(Stored items from a collection)

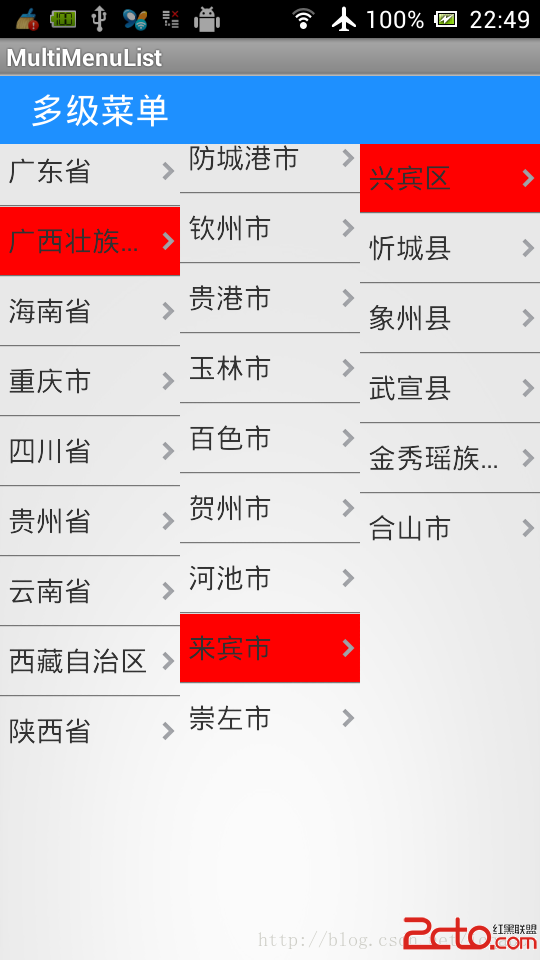 android listview級聯三菜單選擇地區,本地數據庫sqlite級聯地區,item選中不變色
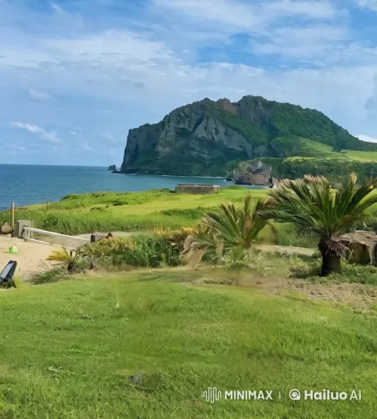 푸른 바다와 하늘이 맞닿은 제주도의 해변에서, 백인 외국인이 여유롭게 산책하는 장면을 담는다. 카메라는 해변의 모래사장을 따라 부드럽게 이동하며, 외국인이 바다를 바라보며 미소 짓는 모습을 포착한다. 배경에는 파란색과 하얀색의 조화로운 풍경이 펼쳐져 있으며, 멀리서 파도가 부서지는 소리가 들린다. 조명은 따뜻한 햇살이 비치는 오후의 분위기로, 자연광이 인물의 얼굴을 부드럽게 비춘다. 외국인은 편안한 여름 복장을 하고 있으며, 바람에 날리는 머리카락이 자유로운 느낌을 더한다. 카메라는 클로즈업으로 외국인의 표정을 잡았다가, 다시 넓은 샷으로 제주도의 아름다운 풍경을 보여주며, 그가 바다를 향해 손을 흔드는 모습으로 전환된다. 주변에는 제주도 특유의 푸른 나무와 바위들이 자리잡고 있으며, 멀리 보이는 해안선은 이국적인 느낌을 더해준다. 전체적인 분위기는 평화롭고 즐거운 여행의 감정을 전달하며, 감상자가 제주도의 아름다움과 함께 외국인의 행복한 순간을 함께 느낄 수 있도록 한다.
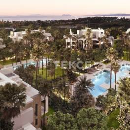Appartementen in Exclusief Complex met Grote Tropische Tuinen in EsteponaDe appartementen met ruime gebruiksruimtes zijn gelegen in New Golden Mile, Estepona in Malaga. Het gebied biedt gemakkelijke toegangsmogelijkheden tot de hele Costa del Sol-regio. Het gebied is de thuisbasis van Gibraltar Bay en vele voorzieningen, waaronder ziekenhuizen, scholen en winkels. Estepona staat bekend om zijn natuurlijke en groene omgeving.De appartementen te koop in Estepona bevinden zich op slechts 500 meter van het strand, 5 minuten van het stadscentrum, 5 km van de golfbaan Los Flamingos en Selwo Aventura Zoo, 73 km van de luchthaven van Malaga en 2 uur rijden van Granada, Cordoba, en Sevilla.De stijlvolle appartementen bevinden zich in een complex met uitzicht op zee en 27.000 m² aangelegde tuinen. Het complex heeft veel functies en diensten, waaronder 24/7 beveiliging, conciërge, beveiligingscamera’s, een clubhuis met loungebar, restaurant, SPA, sauna, fitness, zwembaden, kinderbad, binnen- en buitenparkeerplaatsen, gemeenschappelijke tuinen en een lift . Het complex biedt 1 of 2 parkeerplaatsen voor elk appartement.De appartementen zijn uitgerust met een smart home-systeem, tv-satellietsysteem, vloerverwarming, internetaansluiting, airconditioning, en-suite badkamer, kleedkamer, berging, ligweide, keukenapparatuur, douche, bad, barbecue en witte goederen. AGP-00024
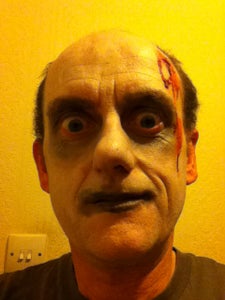 Finally, the bloody head wound - we also found a tube of fake blood. After applying a smudge of red face-paint, my colleague simply drew on trails of gore. She reasoned that a true Evil Mad Scientist would not care about Health & Safety...
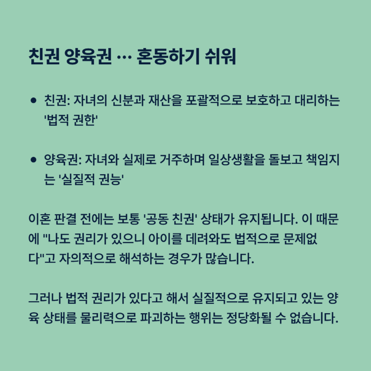 이혼 판결 전에는 보통 '공동 친권' 상태가 유지됩니다. 이 때문에 "나도 권리가 있으니 아이를 데려와도 법적으로 문제없다"고 자의적으로 해석하는 경우가 많습니다.

Problem to work on: Without the pictures, give back the entries exactly.

Task answer:
 android listview級聯三菜單選擇地區,本地數據庫sqlite級聯地區,item選中不變色
 푸른 바다와 하늘이 맞닿은 제주도의 해변에서, 백인 외국인이 여유롭게 산책하는 장면을 담는다. 카메라는 해변의 모래사장을 따라 부드럽게 이동하며, 외국인이 바다를 바라보며 미소 짓는 모습을 포착한다. 배경에는 파란색과 하얀색의 조화로운 풍경이 펼쳐져 있으며, 멀리서 파도가 부서지는 소리가 들린다. 조명은 따뜻한 햇살이 비치는 오후의 분위기로, 자연광이 인물의 얼굴을 부드럽게 비춘다. 외국인은 편안한 여름 복장을 하고 있으며, 바람에 날리는 머리카락이 자유로운 느낌을 더한다. 카메라는 클로즈업으로 외국인의 표정을 잡았다가, 다시 넓은 샷으로 제주도의 아름다운 풍경을 보여주며, 그가 바다를 향해 손을 흔드는 모습으로 전환된다. 주변에는 제주도 특유의 푸른 나무와 바위들이 자리잡고 있으며, 멀리 보이는 해안선은 이국적인 느낌을 더해준다. 전체적인 분위기는 평화롭고 즐거운 여행의 감정을 전달하며, 감상자가 제주도의 아름다움과 함께 외국인의 행복한 순간을 함께 느낄 수 있도록 한다.
Appartementen in Exclusief Complex met Grote Tropische Tuinen in EsteponaDe appartementen met ruime gebruiksruimtes zijn gelegen in New Golden Mile, Estepona in Malaga. Het gebied biedt gemakkelijke toegangsmogelijkheden tot de hele Costa del Sol-regio. Het gebied is de thuisbasis van Gibraltar Bay en vele voorzieningen, waaronder ziekenhuizen, scholen en winkels. Estepona staat bekend om zijn natuurlijke en groene omgeving.De appartementen te koop in Estepona bevinden zich op slechts 500 meter van het strand, 5 minuten van het stadscentrum, 5 km van de golfbaan Los Flamingos en Selwo Aventura Zoo, 73 km van de luchthaven van Malaga en 2 uur rijden van Granada, Cordoba, en Sevilla.De stijlvolle appartementen bevinden zich in een complex met uitzicht op zee en 27.000 m² aangelegde tuinen. Het complex heeft veel functies en diensten, waaronder 24/7 beveiliging, conciërge, beveiligingscamera’s, een clubhuis met loungebar, restaurant, SPA, sauna, fitness, zwembaden, kinderbad, binnen- en buitenparkeerplaatsen, gemeenschappelijke tuinen en een lift . Het complex biedt 1 of 2 parkeerplaatsen voor elk appartement.De appartementen zijn uitgerust met een smart home-systeem, tv-satellietsysteem, vloerverwarming, internetaansluiting, airconditioning, en-suite badkamer, kleedkamer, berging, ligweide, keukenapparatuur, douche, bad, barbecue en witte goederen. AGP-00024
 Finally, the bloody head wound - we also found a tube of fake blood. After applying a smudge of red face-paint, my colleague simply drew on trails of gore. She reasoned that a true Evil Mad Scientist would not care about Health & Safety...
 이혼 판결 전에는 보통 '공동 친권' 상태가 유지됩니다. 이 때문에 "나도 권리가 있으니 아이를 데려와도 법적으로 문제없다"고 자의적으로 해석하는 경우가 많습니다.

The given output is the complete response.